### TASK DIRECTIONS
Reproduce the listing exactly, with no pictures in your copy.

### RECORDED DATA
BEGIN

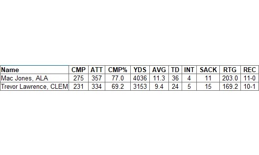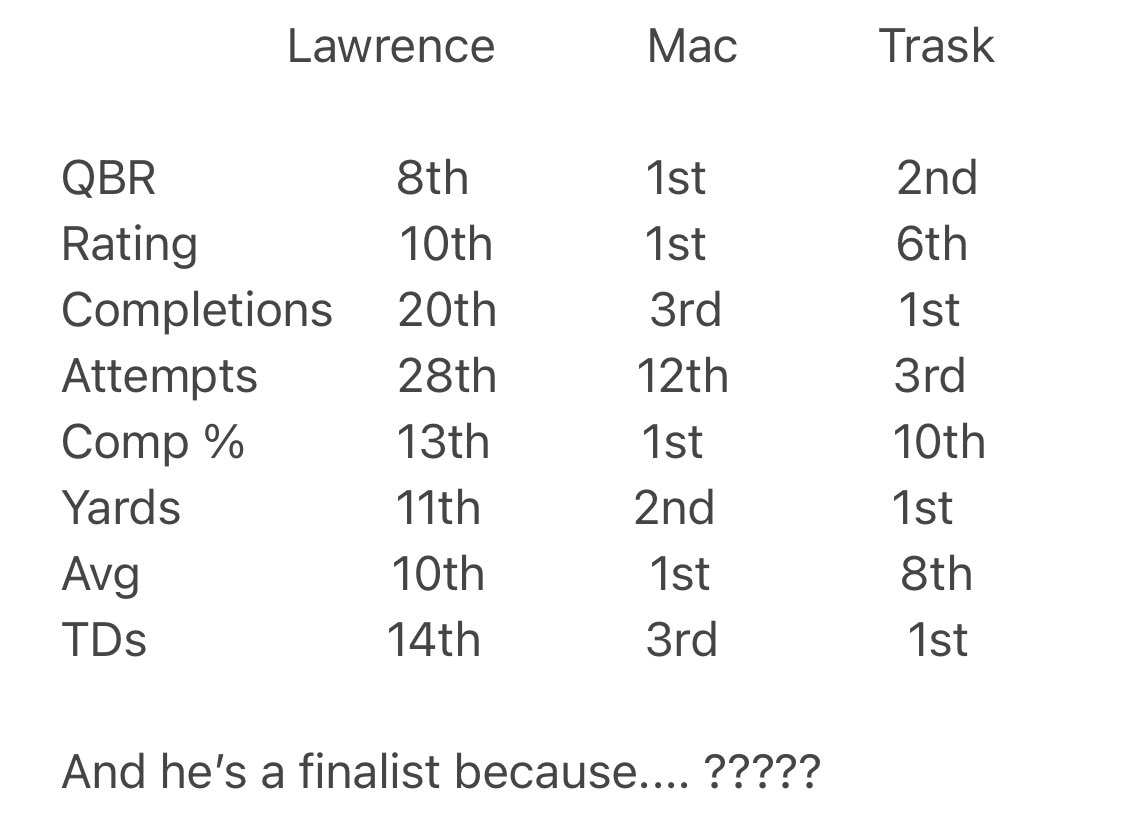 Lawrence will be drafted higher and probably be a better pro, but there is zero argument that Trevor Lawrence had a better year than Mac. He was literally worse in every passing category - totals, efficiency, per game, whatever.
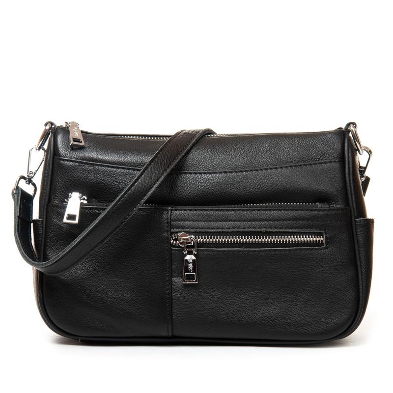 Выполнена из натуральной мягкой кожи. Закрывается на молнию. Внутри расположено основное и дополнительное отделение, разделенное карманом-перегородкой на молнии, открытый большой карман и боковой карман на молнии. На фасаде расположены два кармана на молнии, а на обратной стороне один карман. На торцах сумочки есть маленькие открытые карманы. Регулируемый плечевой ремень и съемная ручка. Размер (см) 28*18*12, высота ручки 30 см.
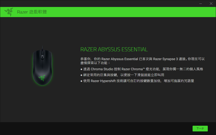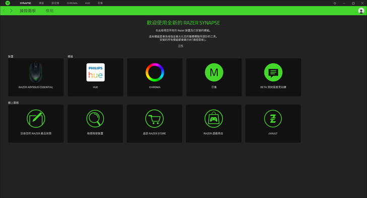 將 RAZER ABYSSUS ESSENTIAL 接到電腦平台上,就會自動帶出 RAZER 的軟體,不用上網額外進行下載安裝,但是要備妥或是註冊一組帳號才可以享用內部的功能。

END

### TASK OUTPUT
 Lawrence will be drafted higher and probably be a better pro, but there is zero argument that Trevor Lawrence had a better year than Mac. He was literally worse in every passing category - totals, efficiency, per game, whatever.
 Выполнена из натуральной мягкой кожи. Закрывается на молнию. Внутри расположено основное и дополнительное отделение, разделенное карманом-перегородкой на молнии, открытый большой карман и боковой карман на молнии. На фасаде расположены два кармана на молнии, а на обратной стороне один карман. На торцах сумочки есть маленькие открытые карманы. Регулируемый плечевой ремень и съемная ручка. Размер (см) 28*18*12, высота ручки 30 см.
 將 RAZER ABYSSUS ESSENTIAL 接到電腦平台上,就會自動帶出 RAZER 的軟體,不用上網額外進行下載安裝,但是要備妥或是註冊一組帳號才可以享用內部的功能。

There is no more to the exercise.